[Opening Data records section]

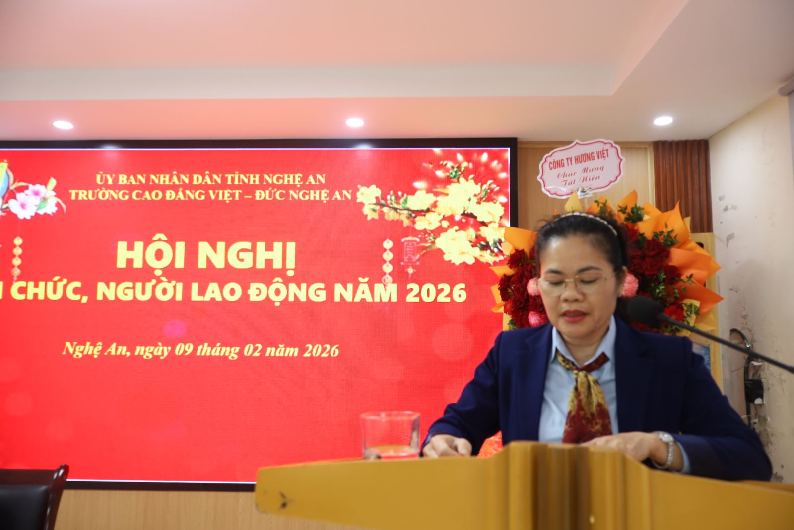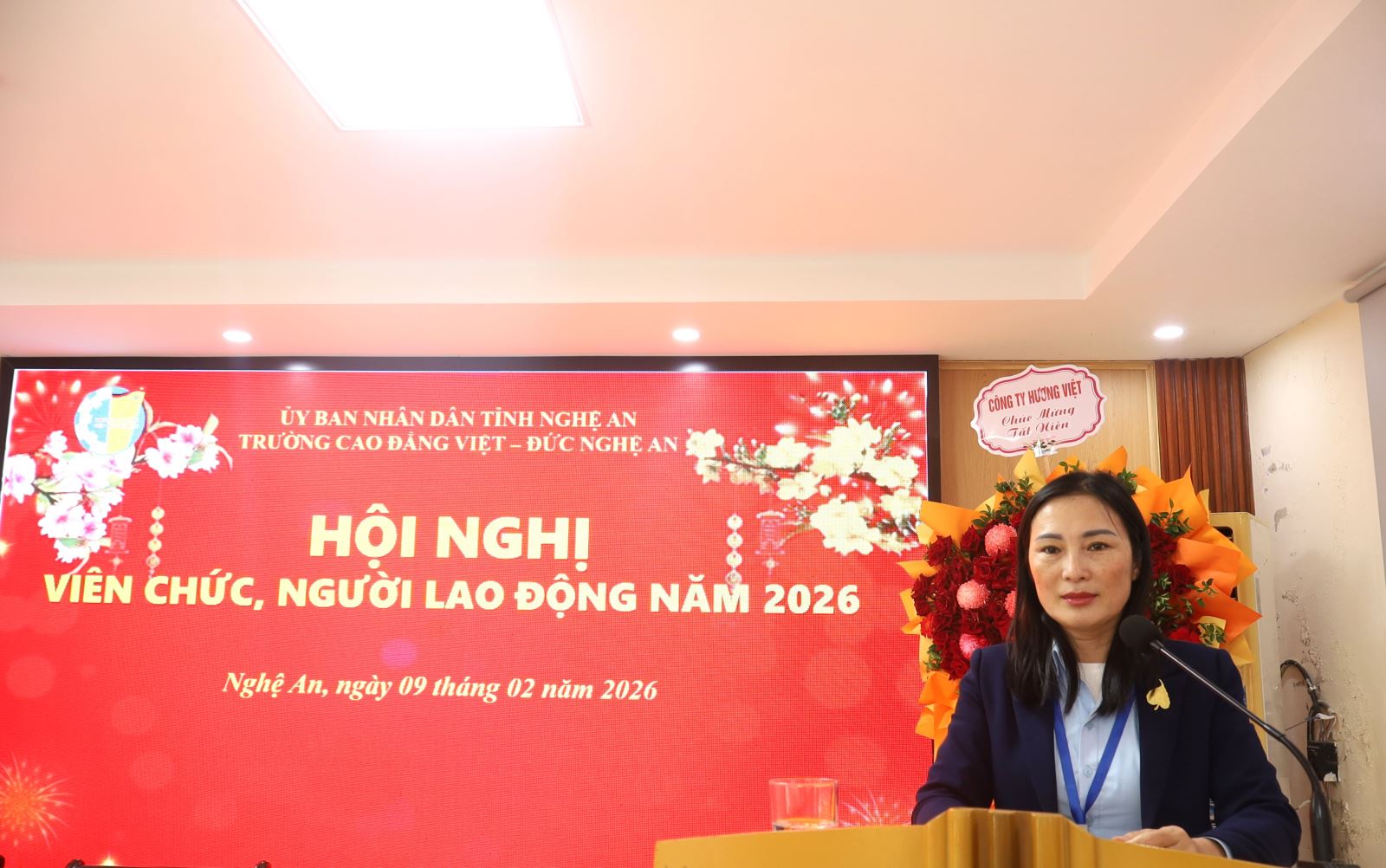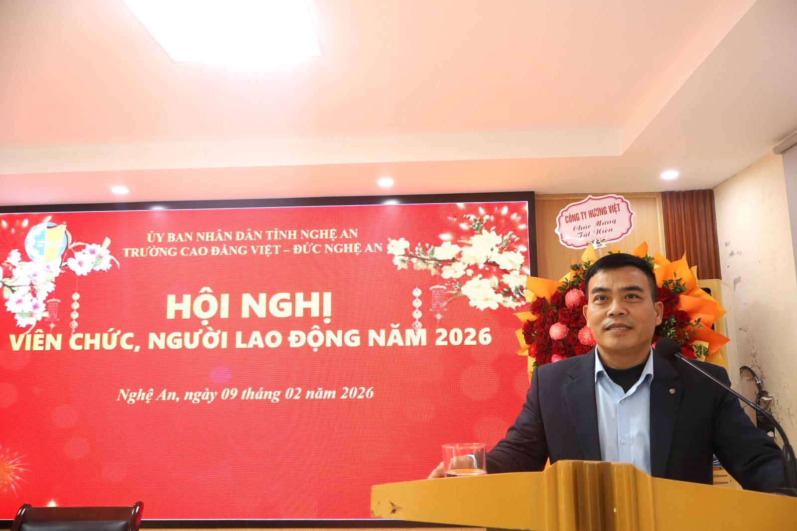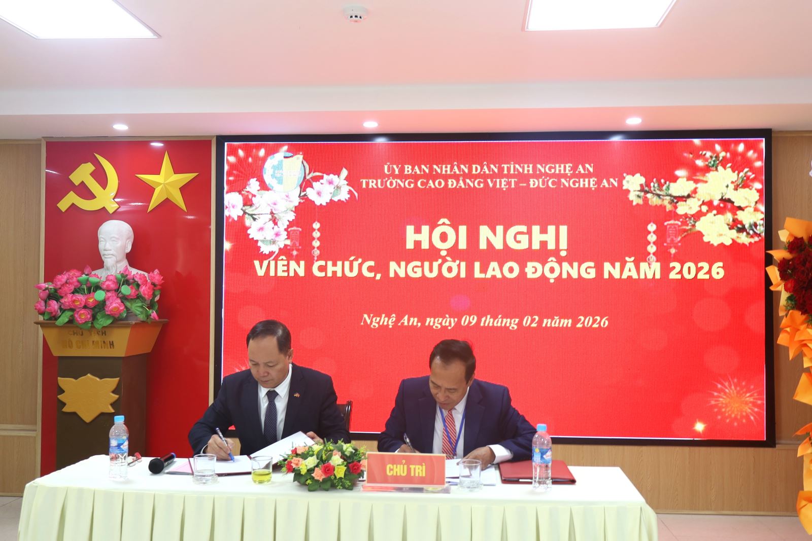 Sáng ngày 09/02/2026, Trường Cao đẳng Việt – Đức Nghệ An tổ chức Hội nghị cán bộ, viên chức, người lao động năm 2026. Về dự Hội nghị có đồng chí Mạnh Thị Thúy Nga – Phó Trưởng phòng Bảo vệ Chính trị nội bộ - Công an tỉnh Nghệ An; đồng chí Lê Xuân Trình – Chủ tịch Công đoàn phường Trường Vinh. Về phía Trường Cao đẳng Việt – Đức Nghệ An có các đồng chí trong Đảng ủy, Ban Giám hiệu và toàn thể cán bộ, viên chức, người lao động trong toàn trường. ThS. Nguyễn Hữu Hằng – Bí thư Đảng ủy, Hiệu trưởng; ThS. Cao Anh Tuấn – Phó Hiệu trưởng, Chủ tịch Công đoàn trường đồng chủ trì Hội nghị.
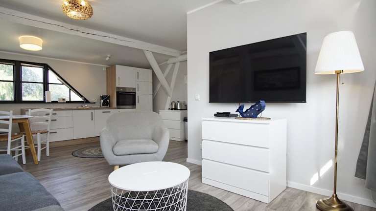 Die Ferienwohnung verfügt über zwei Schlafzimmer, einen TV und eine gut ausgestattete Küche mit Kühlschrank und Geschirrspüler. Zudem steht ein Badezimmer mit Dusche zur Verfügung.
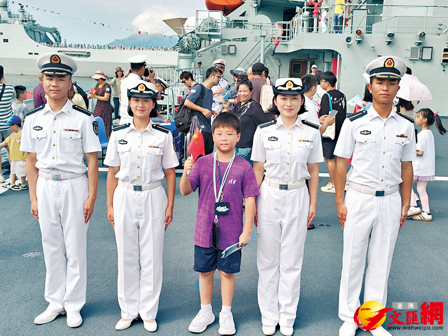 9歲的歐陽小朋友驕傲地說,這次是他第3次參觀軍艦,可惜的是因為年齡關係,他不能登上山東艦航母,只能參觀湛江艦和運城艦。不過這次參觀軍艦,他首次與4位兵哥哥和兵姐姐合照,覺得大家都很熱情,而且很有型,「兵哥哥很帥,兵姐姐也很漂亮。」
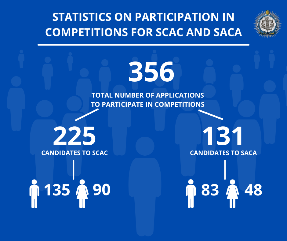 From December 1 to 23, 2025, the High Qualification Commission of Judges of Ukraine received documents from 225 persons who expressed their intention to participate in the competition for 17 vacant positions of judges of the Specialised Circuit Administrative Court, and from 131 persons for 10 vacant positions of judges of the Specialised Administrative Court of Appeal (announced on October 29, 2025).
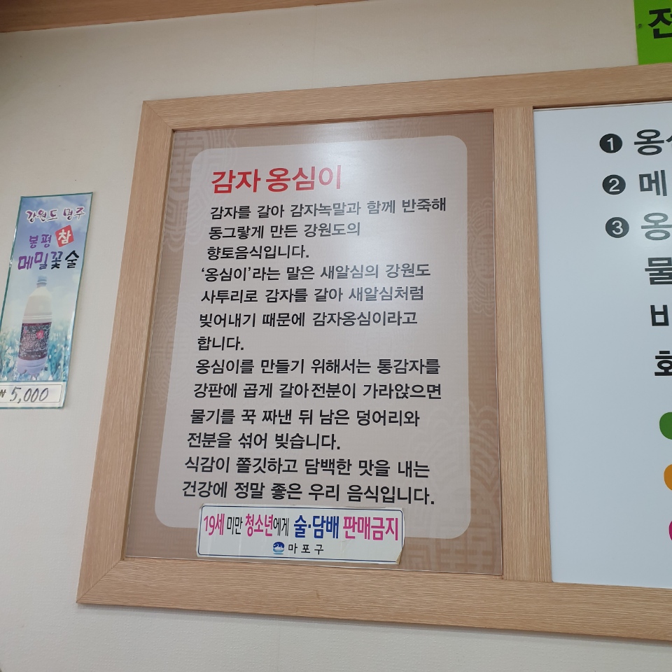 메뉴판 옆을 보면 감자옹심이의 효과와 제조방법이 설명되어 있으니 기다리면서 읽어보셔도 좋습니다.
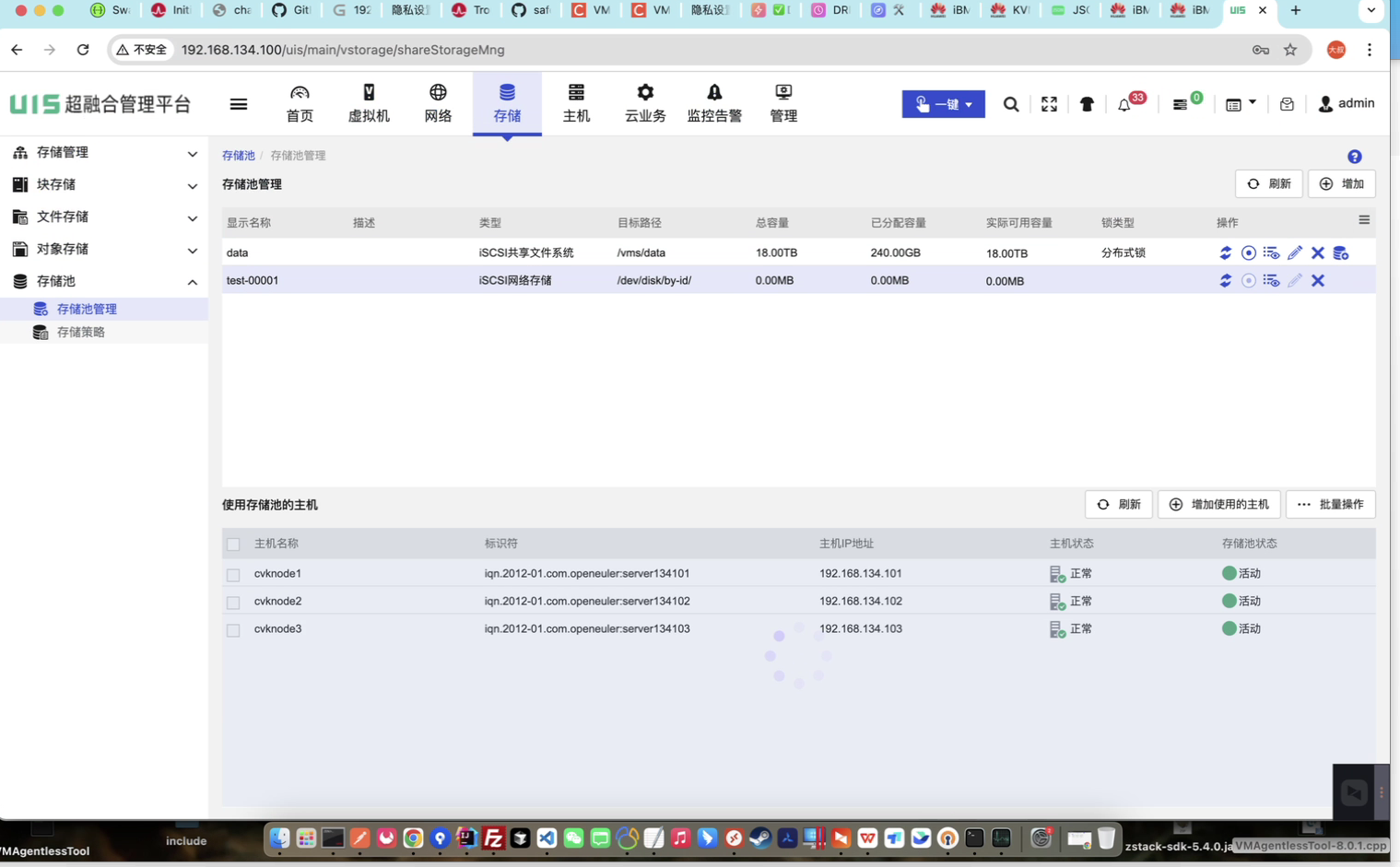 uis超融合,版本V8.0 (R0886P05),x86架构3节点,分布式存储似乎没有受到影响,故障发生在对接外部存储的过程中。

[Closing Data records section]

**Your task:** Your answer must restate the entries word for word and contain no pictures.

**The answer:**
 Sáng ngày 09/02/2026, Trường Cao đẳng Việt – Đức Nghệ An tổ chức Hội nghị cán bộ, viên chức, người lao động năm 2026. Về dự Hội nghị có đồng chí Mạnh Thị Thúy Nga – Phó Trưởng phòng Bảo vệ Chính trị nội bộ - Công an tỉnh Nghệ An; đồng chí Lê Xuân Trình – Chủ tịch Công đoàn phường Trường Vinh. Về phía Trường Cao đẳng Việt – Đức Nghệ An có các đồng chí trong Đảng ủy, Ban Giám hiệu và toàn thể cán bộ, viên chức, người lao động trong toàn trường. ThS. Nguyễn Hữu Hằng – Bí thư Đảng ủy, Hiệu trưởng; ThS. Cao Anh Tuấn – Phó Hiệu trưởng, Chủ tịch Công đoàn trường đồng chủ trì Hội nghị.
 Die Ferienwohnung verfügt über zwei Schlafzimmer, einen TV und eine gut ausgestattete Küche mit Kühlschrank und Geschirrspüler. Zudem steht ein Badezimmer mit Dusche zur Verfügung.
 9歲的歐陽小朋友驕傲地說,這次是他第3次參觀軍艦,可惜的是因為年齡關係,他不能登上山東艦航母,只能參觀湛江艦和運城艦。不過這次參觀軍艦,他首次與4位兵哥哥和兵姐姐合照,覺得大家都很熱情,而且很有型,「兵哥哥很帥,兵姐姐也很漂亮。」
 From December 1 to 23, 2025, the High Qualification Commission of Judges of Ukraine received documents from 225 persons who expressed their intention to participate in the competition for 17 vacant positions of judges of the Specialised Circuit Administrative Court, and from 131 persons for 10 vacant positions of judges of the Specialised Administrative Court of Appeal (announced on October 29, 2025).
 메뉴판 옆을 보면 감자옹심이의 효과와 제조방법이 설명되어 있으니 기다리면서 읽어보셔도 좋습니다.
 uis超融合,版本V8.0 (R0886P05),x86架构3节点,分布式存储似乎没有受到影响,故障发生在对接外部存储的过程中。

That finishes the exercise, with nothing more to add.